Tak percaya

Sean kembali menggendong istrinya, ia sangat senang dengan keadaan fisik Inka yang semakin hari semakin bertambah berat badan nya. Inka sudah tau jika dirinya hamil, tiga hari yang lalu Sean memberitahukan nya. Tentu saja Inka tak percaya jika dirinya hamil. Bukankah selama ini ia di katakan mandul oleh orang lain.

Inka bahkan tak menyangka jika ia hamil kembar. Ia juga tau jika salah satu janinnya keguguran. Tentu Inka sedih, ia bahkan tak bicara pada Sean. Gara gara insiden itu,ia kehilangan salah satunya.

Sean menyakinkan Inka jika dia tak pernah menyentuh wanita itu. Hubungan mereka hanya masa lalu. Tentu saja Inka tak percaya, tapi Sean akan membuktikan jika anak itu bukanlah putra nya. Lagipula Sean sama sekali tak merasa membuatnya bersama Rubi.

"Baby percayalah, aku sama sekali tak merasa jika pernah membuatnya.", Inka mencebikkan bibirnya tak percaya.

"Lalu anak siapa dia, dan juga dia memanggil mu Daddy..."Seru Inka marah.

"Mana ku tau anak siapa, ? Bisa saja dia di suruh memanggilku Daddy kan. Yang jelas bukan dari aku bibitnya."

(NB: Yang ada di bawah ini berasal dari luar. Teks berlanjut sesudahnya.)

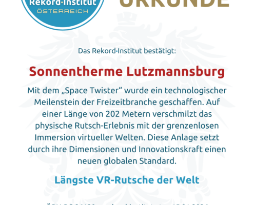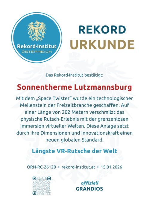Die Sonnentherme Lutzmannsburg hat mit diesem Projekt einen dauerhaften Meilenstein geschaffen. Die „Space Twister“ würdigt die Verbindung von Ingenieurskunst und digitaler Vision. Damit ist diese Anlage eine offiziell grandiose Besonderheit unserer Heimat mit weltweiter Strahlkraft.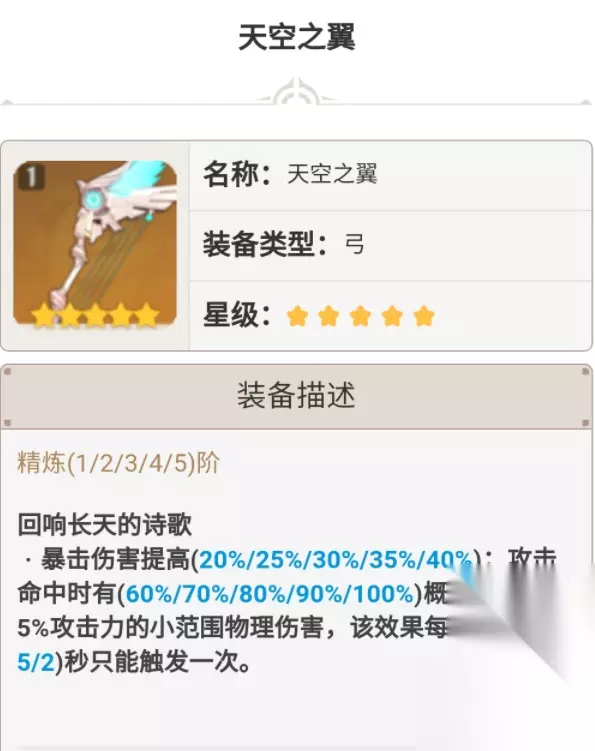 (精5的数据为:EQ技能增伤24%,满层时攻击力提高96%) 2.泛用性分析——横向对比天空之翼 天空之翼的伤害上限并不算高,因为被动仅20%的爆伤加成以及还有一个加成并不大的范围物伤。但凭借着高基础攻击力、高贵的双暴属性的优势,一直都是弓箭里泛用性最高的存在。本次UP的冬极也有着不错的泛用性,副属性高达33.1%的暴击率,极大的缓解了圣遗物的压力;被动的EQ增伤适用于很多弓箭角色,攻击百分比加成也是通用的。按照资源权重的46.6%的攻击百分比对应66.2%的暴击伤害,冬极在2层被动的时候就已经超出天空弓的强度了。当然实际攻击力的稀释来的快,差距不会太大。 但有一说一啊,冬极对于当前的弓箭主C角色,宵宫和甘雨的适配性不是很高;正常能吃满被动的也就公子,其他角色想要吃满多少有点麻烦。因此冬极也是有一定的不足之处的。更多具体的层数问题和各武器伤害差距在后面的适配角色里会说明。
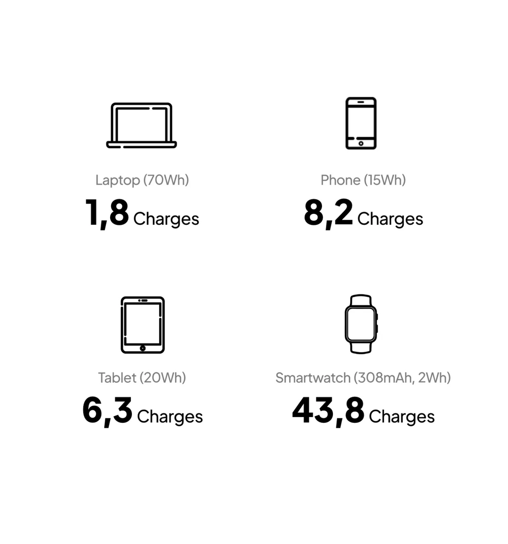 Vertu alltaf með fulla hleðslu: Hladdu fartölvuna þína, símann og önnur tæki áreynslulaust á meðan þú ert í fjarvinnu, í útilegu eða ævintýraferð - haltu öllu full hlöðnu og tilbúnu í ævintýrin.

Mulut Sean menjawab enteng, ia sama sekali tak terpengaruh dengan anak kecil yang mengaku putranya. Bagi Sean Inka lah hidupnya, dia tidak akan pernah percaya bahwa wanita masa lalunya, mengakui bahwa dia mempunyai anak bersama nya.

Nico, pria itu lah yang diam diam mencari bukti, ia sudah mengirim orang kepercayaan nya.

Dan kemarin Sean mendapatkan bukti jika Rubi Felisa menemui Bella Shofie. Sean yakin mereka berdua punya maksud tersembunyi.

"Hubby.. " Inka merasakan khawatir, belakangan ini Sean bertambah parah. Ia akan memuntahkan isi perutnya hingga yang keluar hanya cairan kuning. Sean tak bisa berbuat banyak, ia sudah tau jika ia mengalami Sindrom Couvade atau bisa disebut kehamilan simpatik. Dimana istrinya yang hamil ia yang merasakan gejalanya.

Selama Inka koma, Sean juga mengalaminya sendiri. Itu sebabnya ia tak merawat dirinya sendiri. Hari ini Sean bersyukur setidaknya istrinya ada untuk nya. Ia juga tak akan sanggup melihat istrinya yang mungil harus merasakan sakit nya.

"Baby..." Sean merengek seperti biasa, Inka memanyunkan bibirnya. Ia tau apa yang Sean mau.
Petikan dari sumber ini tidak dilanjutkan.